Как живется вам без СССР?
Шрифт:
— Федя… рядом? — ахают односельчанки.
Катя фыркает, не любит, чтоб ее прерывали.
— Я вначале в чулане в ларь заглянула, — рассказывает неторопко она и констатирует, — там карпюга, как поросенок. — Разводит руками она. — Краденный, что ли, думаю? И еще в сарае кур полно, одни леггорны.
— Да ты про Федю, — стонут женщины от нетерпения, — зачем нам эти леггорны?
— Про Федю? — спохватывается Катя и с недоумением на лице глядит на подруг. — Чего о нем? — рубанула она рукой, присела на траву и умиротворенно добавила: — Он уже давно убег. По жнивью от Раенки
Заливаются бабы смехом на лавочке, подкидывают поленьев в жаркий огонь Катиной любви-прощаницы.
— Значит, ешь пельмени, пей нарзан, будешь бегать по лесным лужайкам, как Тарзан!
— Лови теперь тигра в Калужской области!
Но в Калужской области пока нечего делать Феде, с него хватало и окрестных деревень, потому во многие избы заходила Панкина, как палач, у многих окон размахивала чадящим кадилом. А чего б и не подымить, чего и не покричать, кто ей запрещает? Катя давно смекнула, что одинокая баба — это как арестант, на всю жизнь без прав, коль мужиков в стране не хватает. А супруга? О, тут как Батый на побоище, суди, ряди, кто посмеет остановить, кто посмеет обидеть? У Кати, как у жены, целая кубышка самых правых на свете, алмазно-твердых, зубы сломаешь об них, этих прав. И пользуется она ими охотно, правда, с весьма малым вознаграждением.
Так они и жили: Федя вовлекал в свои дела одну половину села, Катя — другую.
— Стерва, — выплюнула в тот раз она у раенкиной избы, — всего тебе мало?

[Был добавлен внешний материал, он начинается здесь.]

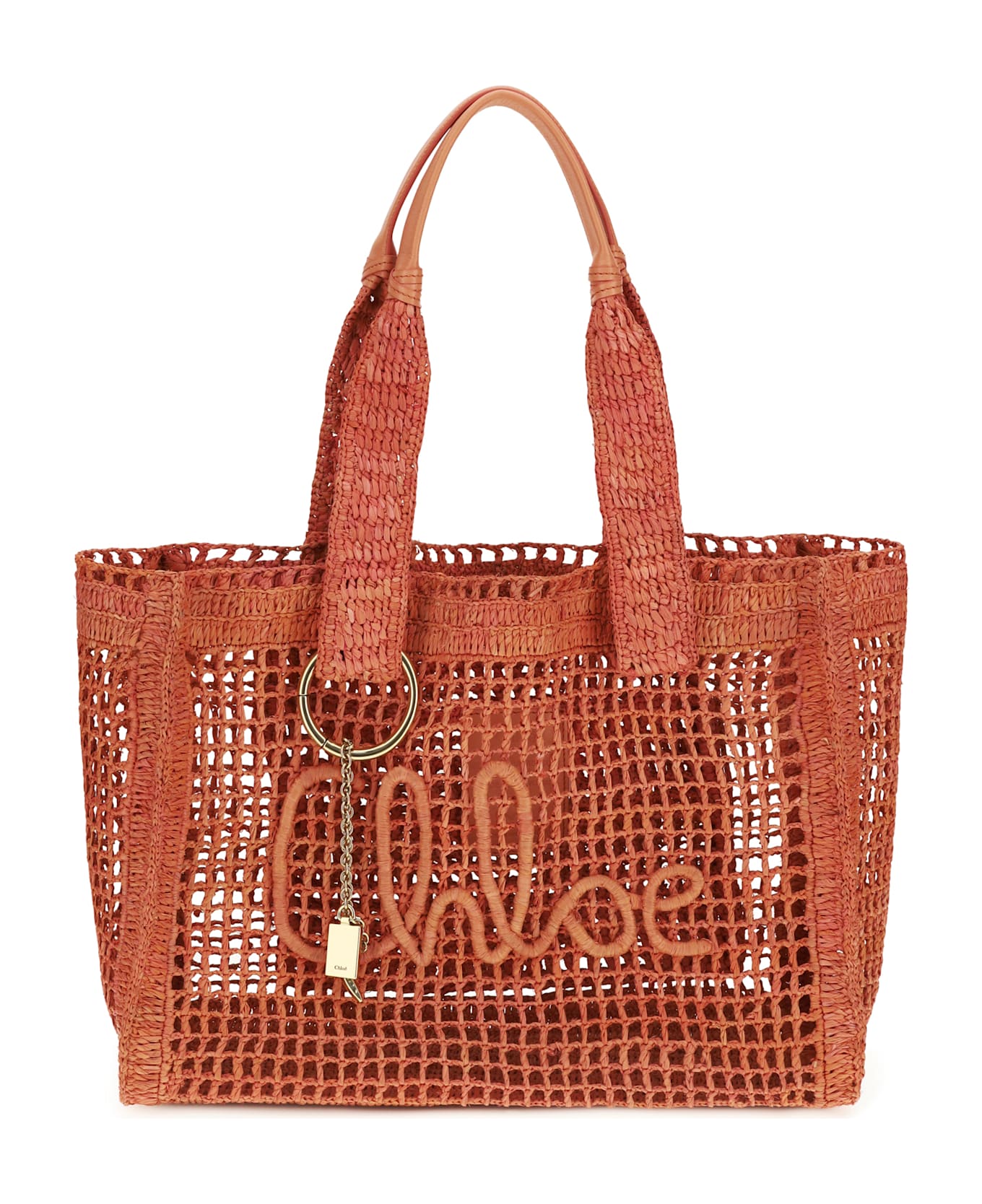 The east-west summer banana raffia tote bag by chloé is handcrafted from crocheted raffia and buffalo leather, featuring the chloé signature in cursive lettering on the front as a nod to the maison's heritage. finished with a dangling chain and decorative charms, it features a spacious main compartment and an interior pocket, combining artisanal elegance, functionality, and distinctive summer style.

Марья за прилавком вздохнула. Кто-кто, а она-то знала, сколько да чего выпадает таким, как она и Раенка, в жизни. Будто техническая документация, присутствуешь на этом свете, и только, остальное общение — сквозь густое сито, процеженное, истолченное, мелкими брызгами. Вот надоест какой-нибудь жене опостылевшая ей порядком мужнина ласка, отвернется от супруга на какое-то время, и тогда самые нетерпеливые мужики, не вынося перерыва, в лесу или на околице в помощницы своей законной жене незаконную привлекают:
— Мань, а Мань?
И одним боком жмется к тебе, другим — уже норовит от тебя, как бы еще на что не понадеялась. В первый момент вроде насмерть не помнит о жене, потом припоминает ее чаще, да, глядь, вот у порога и она сама, как пень, выбугрилась:
— Попробуй еще раз! — кричит на улице Панкина.
— И попробую, — революционно восстает Раенка.

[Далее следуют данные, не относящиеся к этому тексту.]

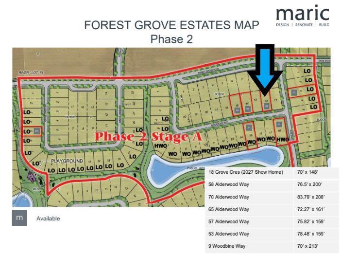 Welcome to 65 Alderwood Way, a custom home opportunity to be built by Maric in a beautiful lot in Phase 2 of Forest Grove Estates. Founded in 1973, Maric Homes has built a distinct reputation among Manitoba home builders. Maric Homes provides unparalleled customer service, unmatched craftsmanship, and design to every project. This huge 72' x 161' lot will feature a 1600sqft bungalow with 3 bedrooms, 2 baths, and a 24'x 22' double attached garage. With high-quality finishing that you've come to expect, this home is no different. Laminate flooring, LVT, & carpet throughout, 9ft ceilings, Hardie Board siding & Stucco exterior, entertainment unit with electric fireplace & more. Kitchen with large island, quartz countertops & an abundance of cabinetry. Spa-like en suite with dual vanity, acrylic walk in shower with glass shower door, and spacious walk-in closet. Contact for more information on selections and other available lots.

Жгучее Катино кадило тут же устремляется к ее носу:
— Отца, выходит, у сироток отнимаешь!
— Он сам лапоть косого плетения… Да и ты хороша, как репей на Федькином хвосте.

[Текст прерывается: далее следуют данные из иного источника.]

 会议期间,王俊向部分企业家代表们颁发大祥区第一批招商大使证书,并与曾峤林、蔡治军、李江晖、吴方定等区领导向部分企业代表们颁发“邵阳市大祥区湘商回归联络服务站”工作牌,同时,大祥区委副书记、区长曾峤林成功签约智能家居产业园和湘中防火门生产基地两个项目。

Огнеязыкая артиллерия Панкиной, наткнувшись на неожиданное сопротивление, заработала вдвое быстрее:
— Ах ты, кадра поганая, долго еще будешь копытом землю бить, тут разве улица молодоженов?!
Раенка не сдавалась, утверждая, что да, здесь улица молодоженов, и она, Антипкина, на ней главная медунишница, а кому не нравится это, так что же, на всех сладкий пирог не испечешь.
Бой на Калиновом мосту, жестокий, упорный, вроде без явных победителей, наконец-то затих, и Раенка, вбежав спустя час в магазин, опустилась у косяка,
— Слышала, Штирлиц у меня была?
— Чего ревешь? — выдавила нехотя, о своем же говорила, вот и нехотя, Марья. — Проблема глубинная, ее слезами не выплачешь. Заявление официальное не напишешь, в исполком не пожалуешься. Если и пожалуешься, тебя ли пожелеют? Скорее всего, ту, что на холме под солнцем каждый день, а ты взбегнешь на секунду по нему и скатишься. Да намекнут еще, что рваться в общий ряд не положено. Будто нет нас, одиноких, в реестрах государства. Никакой канцелярией мы не учтенные, а если и учтенные, то под недобрым параграфом, мол, в единственном числе и на всю жизнь.
— Жива гибель, — смиренно вздохнула Раенка, — в вагоне, значит, ехать одной десятилетиями? Куда ехать? Не к счастью ведь опять, а на бесхозяйную елань, на лешеву десятину, где к тебе прибегут лишь для того, чтоб за счет твоих душевных фондов продлить, освежить чужую семейную жизнь.
Закрыв лицо руками, взвыла, запричитала на весь магазин Раенка, мол, сквозь игольное ушко проползла бы, сердце в кровь ободрала бы, наглоталась бы толокняной пыли, лишь бы… долго всхлипывала она… лишь бы хоть как-то уползти с этого адова полигона.
— Замолчи, — стукнула счетами Марья. — Не может быть такого, чтобы до конца нам в этой мертвой воде толочься! — примолкла на секунду она, подбирая слова, подбирая мысль, потом просто махнула рукой: — Ида лук полоть! У тебя в огороде лебеда уже выше.
Соседке еще хотелось топтаться у двери, печально взглядывать на улицу и при этом перебирать сотни вариантов заладившихся жизней, чтобы найти, отыскать все же проход к везению, да мгновенно рвануть бы по нему да возликовать: вот он, Маша, мой печатный мятный пряник, вот оно, как маменька велела, вот как надо… жить!
Схватившись за бока, продавщица громко смеялась:
— Ну, и Раенка! Ай, молодец, нашла, видите ли, пирожок с капустой.
Местечко это с обилием невысоких взгорков очень полюбилось когда-то монахам. Увидели они лесное корабельное богатство, жадные до воды ракиты и сказали «хотим здесь возвести жилье». Вскоре появился монастырь, и его зубчатые каменные терема до сих пор чудом глядятся сквозь сосны.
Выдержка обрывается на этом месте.